Algorithmic complexity of outer independent Roman domination and outer independent total Roman domination

Abstract

Let \(G=(V,E)\) be a graph. A function \(f : V \rightarrow \{0, 1, 2\}\) is an outer independent Roman dominating function (OIRDF) on a graph G if for every vertex \(v \in V\) with \(f (v) = 0\) there is a vertex u adjacent to v with \(f (u) = 2\) and \(\{x\in V:f(x)=0\}\) is an independent set. The weight of f is the value \( f(V)=\sum _{v\in V}f(v)\).
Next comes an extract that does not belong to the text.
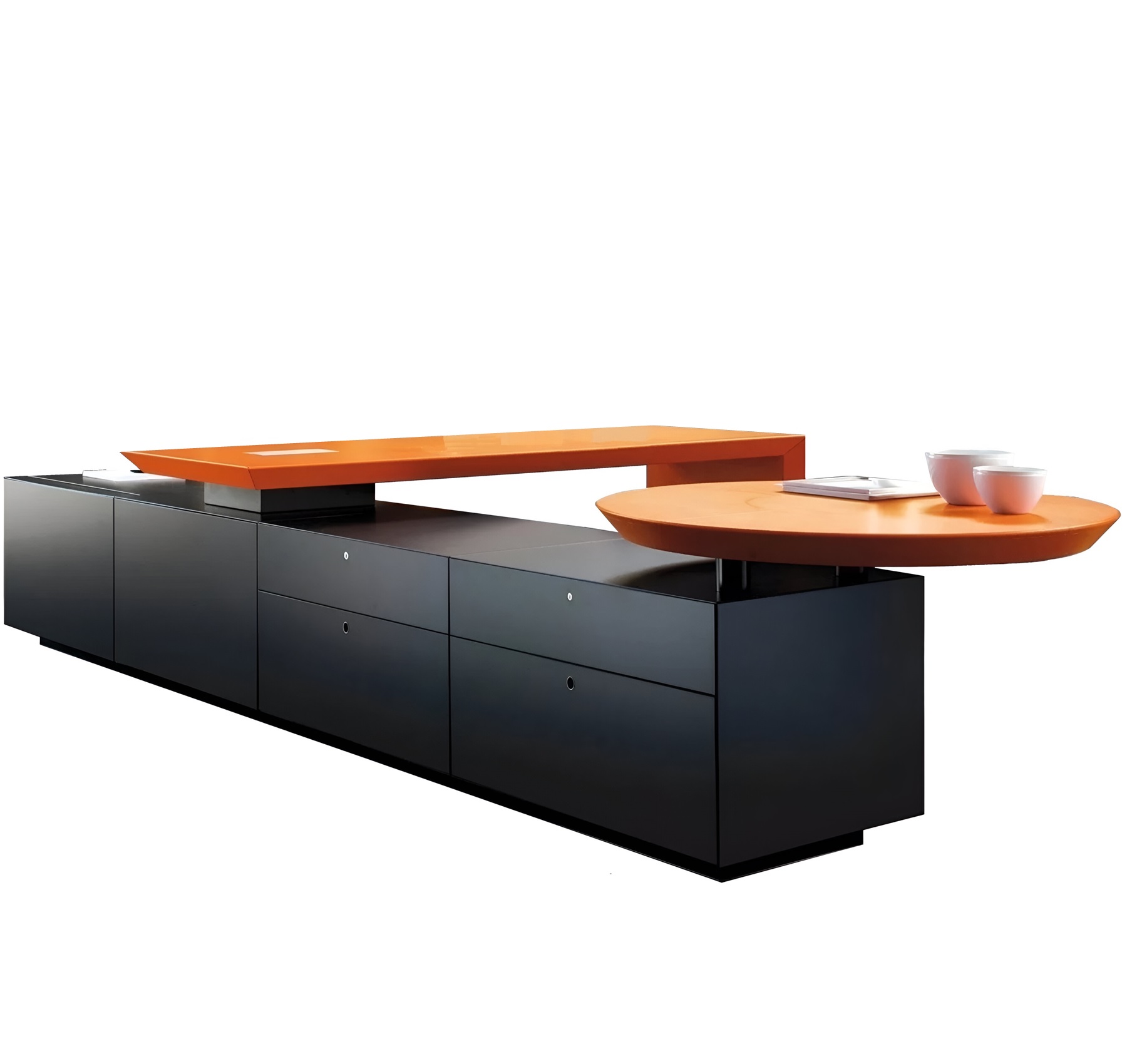 Incluye, escritorio principal; credenza (conector lateral) con seis cajones, dos puertas abatibles con entrepaño y dos espacios libres; mesa de junta en lateral.

An outer independent total Roman dominating function (OITRDF) f on G is an OIRDF on G such that for every \(v\in V\) with \(f(v)>0\) there is a vertex u adjacent to v with \(f (u)>0\). The minimum weight of an OIRDF on G is called the outer independent Roman domination number of G, denoted by \(\gamma _{oiR}(G)\). Similarly, the outer independent total Roman domination number of G is defined, denoted by \(\gamma _{oitR}(G)\). In this paper, we first show that computing \(\gamma _{oiR}(G)\) (respectively, \(\gamma _{oitR}(G)\)) is a NP-hard problem, even when G is a chordal graph. Then, for a given proper interval graph \(G=(V,E)\) we propose an algorithm to compute \(\gamma _{oiR}(G)\) (respectively, \(\gamma _{oitR}(G)\)) in \({\mathcal {O}}(|V| )\) time.